In the copy, keep the lines from the first line of the material below through the line containing "ता. प्र/ धानोरा, दि." exactly as they are, and include no pictures.

───── Available data

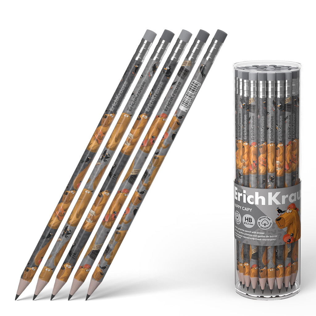 Круглый чернографитный карандаш из пластика с ударопрочным грифелем, твёрдость HB. Четыре дизайна корпуса карандаша, ластик серого цвета. Благодаря специальной технологии изготовления карандаша методом экструзии грифель надежно фиксируется к корпусу. Идеальная центровка грифеля гарантирует легкую заточку с экономным расходом карандаша. Грифель диаметром 2.2 мм не царапает бумагу и не крошится при рисовании. Ластик карандаша средней жесткости изготовлен из экологически чистого и гипоаллергенного материала термопластичной резины (TPR). Не содержит ПВХ. Длина 188 мм.
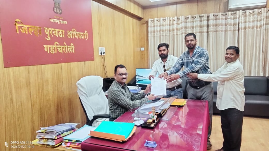 ता. प्र/ धानोरा, दि. २८ : धानोरा तालुक्यातील स्वस्त धान्य दुकानदार संघटनेच्या वतीनेऑक्टोबर २०२५ ते डिसेंबर २०२५ या तीन महिन्यांचे थकीत कमिशन तातडीने अदा करण्यात यावे, या मागणीसाठी मंगळवार २७ जानेवारी २०२६ रोजी माननीय जिल्हा पुरवठा अधिकारी सुधाकर पवार यांना निवेदन सादर करण्यात आले.
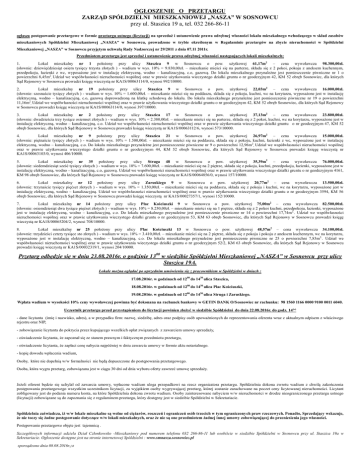 OGŁOSZENIE O PRZETARGU ZARZĄD SPÓŁDZIELNI MIESZKANIOWEJ „NASZA” W SOSNOWCU przy ul. Staszica 19 a, tel. 032 266-86-11 ogłasza postępowanie przetargowe w formie przetargu ustnego (licytacji) na sprzedaż i ustanowienie prawa odrębnej własności lokalu mieszkalnego wchodzącego w skład zasobów mieszkaniowych Spółdzielni Mieszkaniowej „NASZA” w Sosnowcu, prowadzone w trybie określonym w Regulaminie przetargów na zbycie nieruchomości w Spółdzielni Mieszkaniowej „NASZA” w Sosnowcu przyjętym uchwałą Rady Nadzorczej nr 29/2011 z dnia 07.11 2011r. Przedmiotem przetargu jest sprzedaż i ustanowienie prawa odrębnej własności następujących lokali mieszkalnych: 1. Lokal mieszkalny nr 1 położony przy ulicy Staszica 9 w Sosnowcu o pow. użytkowej 61,17m2 – cena wywoławcza 98.300,00zł. (słownie: dziewięćdziesiąt osiem tysięcy trzysta złotych ) - wadium w wys. 10% = 9.830,00zł. – mieszkanie mieści się na parterze, składa się z 2 pokoi, pokoju z aneksem kuchennym, przedpokoju, łazienki z wc, wyposażone jest w instalację elektryczną, wodno – kanalizacyjną, c.o, gazową. Do lokalu mieszkalnego przynależne jest pomieszczenie piwniczne nr 1 o powierzchni 8,45m2. Udział we współwłasności nieruchomości wspólnej oraz w prawie użytkowania wieczystego działki gruntu o nr geodezyjnym 42, KM 52 obręb Sosnowiec, dla których Sąd Rejonowy w Sosnowcu prowadzi księgę wieczystą nr KA1S/00063114/0, wynosi 992/10000. 2. Lokal mieszkalny nr 19 położony przy ulicy Staszica 9 w Sosnowcu o pow. użytkowej 22,03m2 – cena wywoławcza 16.000,00zł. (słownie: szesnaście tysięcy złotych ) - wadium w wys. 10% = 1.600,00zł. – mieszkanie mieści się na poddaszu, składa się z pokoju, kuchni, wc na korytarzu, wyposażone jest w instalację elektryczną, wodno – kanalizacyjną, c.o, gazową doprowadzoną na klatkę schodową do lokalu. Do lokalu mieszkalnego przynależne jest pomieszczenie piwniczne nr 19 o powierzchni 11,16m2. Udział we współwłasności nieruchomości wspólnej oraz w prawie użytkowania wieczystego działki gruntu o nr geodezyjnym 42, KM 52 obręb Sosnowiec, dla których Sąd Rejonowy w Sosnowcu prowadzi księgę wieczystą nr KA1S/00063114/0, wynosi 397/10000. 3. Lokal mieszkalny nr 2 położony przy ulicy Staszica 17 w Sosnowcu o pow. użytkowej 37,13m2 – cena wywoławcza 23.800,00zł. (słownie: dwadzieścia trzy tysiące osiemset złotych ) - wadium w wys. 10% = 2.380,00zł. – mieszkanie mieści się na parterze, składa się z 2 pokoi, kuchni, wc na korytarzu, wyposażone jest w instalację elektryczną, wodno – kanalizacyjną, c.o. Udział we współwłasności nieruchomości wspólnej oraz w prawie użytkowania wieczystego działki gruntu o nr geodezyjnym 47, KM 52 obręb Sosnowiec, dla których Sąd Rejonowy w Sosnowcu prowadzi księgę wieczystą nr KA1S/00063112/6, wynosi 573/10000. 4. Lokal mieszkalny nr 9 położony przy ulicy Staszica 21 w Sosnowcu o pow. użytkowej 26,97m2 – cena wywoławcza 15.000,00zł. (słownie: piętnaście tysięcy złotych ) - wadium w wys. 10% = 1.500,00zł. – mieszkanie mieści się na poddaszu, składa się z pokoju, kuchni, łazienki z wc, wyposażone jest w instalację elektryczną, wodno – kanalizacyjną, c.o. Do lokalu mieszkalnego przynależne jest pomieszczenie piwniczne nr 9 o powierzchni 12,96m2. Udział we współwłasności nieruchomości wspólnej oraz w prawie użytkowania wieczystego działki gruntu o nr geodezyjnym 44, KM 52 obręb Sosnowiec, dla których Sąd Rejonowy w Sosnowcu prowadzi księgę wieczystą nr KA1S/00063103/0, wynosi 406/10000. 5. Lokal mieszkalny nr 35 położony przy ulicy Struga 48 w Sosnowcu o pow. użytkowej 35,39m2 – cena wywoławcza 76.000,00zł. (słownie: siedemdziesiąt sześć tysięcy złotych ) - wadium w wys. 10% = 7.600,00zł. – mieszkanie mieści się na 2 piętrze, składa się z pokoju, kuchni, przedpokoju, łazienki, wyposażone jest w instalację elektryczną, wodno – kanalizacyjną, c.o, gazową. Udział we współwłasności nieruchomości wspólnej oraz w prawie użytkowania wieczystego działki gruntu o nr geodezyjnym 4161, KM 98 obręb Sosnowiec, dla których Sąd Rejonowy w Sosnowcu prowadzi księgę wieczystą nr KA1S/00064856/0, wynosi 157/10000. 6. Lokal mieszkalny nr 12 położony przy ulicy Zaruskiego 9 w Sosnowcu o pow. użytkowej 20,77m2 – cena wywoławcza 13.500,00zł. (słownie: trzynaście tysięcy pięćset złotych ) - wadium w wys. 10% = 1.350,00zł. – mieszkanie mieści się na poddaszu, składa się z pokoju i kuchni, wc na korytarzu, wyposażone jest w instalację elektryczną, wodno – kanalizacyjną. Udział we współwłasności nieruchomości wspólnej oraz w prawie użytkowania wieczystego działki gruntu o nr geodezyjnym 3594, KM 56 obręb Sosnowiec, dla których Sąd Rejonowy w Sosnowcu prowadzi księgę wieczystą nr KA1S/00027357/1, wynosi 152/10000. 7. Lokal mieszkalny nr 14 położony przy ulicy Plac Kościuszki 9 w Sosnowcu o pow. użytkowej 75,00m2 – cena wywoławcza 82.500,00zł. (słownie: osiemdziesiąt dwa tysiące pięćset złotych ) - wadium w wys. 10% = 8.250,00zł. – mieszkanie mieści się na 1 piętrze, składa się z 2 pokoi kuchni, przedpokoju, łazienki, wyposażone jest w instalację elektryczną, wodno – kanalizacyjną, c.o. Do lokalu mieszkalnego przynależne jest pomieszczenie piwniczne nr 14 o powierzchni 17,74m 2.. Udział we współwłasności nieruchomości wspólnej oraz w prawie użytkowania wieczystego działki gruntu o nr geodezyjnym 53, KM 63 obręb Sosnowiec, dla których Sąd Rejonowy w Sosnowcu prowadzi księgę wieczystą nr KA1S/00065204/2, wynosi 708/10000. 8. Lokal mieszkalny nr 25 położony przy ulicy Plac Kościuszki 13 w Sosnowcu o pow. użytkowej 48,57m2 – cena wywoławcza 34.100,00zł. (słownie: trzydzieści cztery tysiące sto złotych ) - wadium w wys. 10% = 3.410,00zł. – mieszkanie mieści się na 2 piętrze, składa si

──────────

■ Written response ■
 Круглый чернографитный карандаш из пластика с ударопрочным грифелем, твёрдость HB. Четыре дизайна корпуса карандаша, ластик серого цвета. Благодаря специальной технологии изготовления карандаша методом экструзии грифель надежно фиксируется к корпусу. Идеальная центровка грифеля гарантирует легкую заточку с экономным расходом карандаша. Грифель диаметром 2.2 мм не царапает бумагу и не крошится при рисовании. Ластик карандаша средней жесткости изготовлен из экологически чистого и гипоаллергенного материала термопластичной резины (TPR). Не содержит ПВХ. Длина 188 мм.
 ता. प्र/ धानोरा, दि. २८ : धानोरा तालुक्यातील स्वस्त धान्य दुकानदार संघटनेच्या वतीनेऑक्टोबर २०२५ ते डिसेंबर २०२५ या तीन महिन्यांचे थकीत कमिशन तातडीने अदा करण्यात यावे, या मागणीसाठी मंगळवार २७ जानेवारी २०२६ रोजी माननीय जिल्हा पुरवठा अधिकारी सुधाकर पवार यांना निवेदन सादर करण्यात आले.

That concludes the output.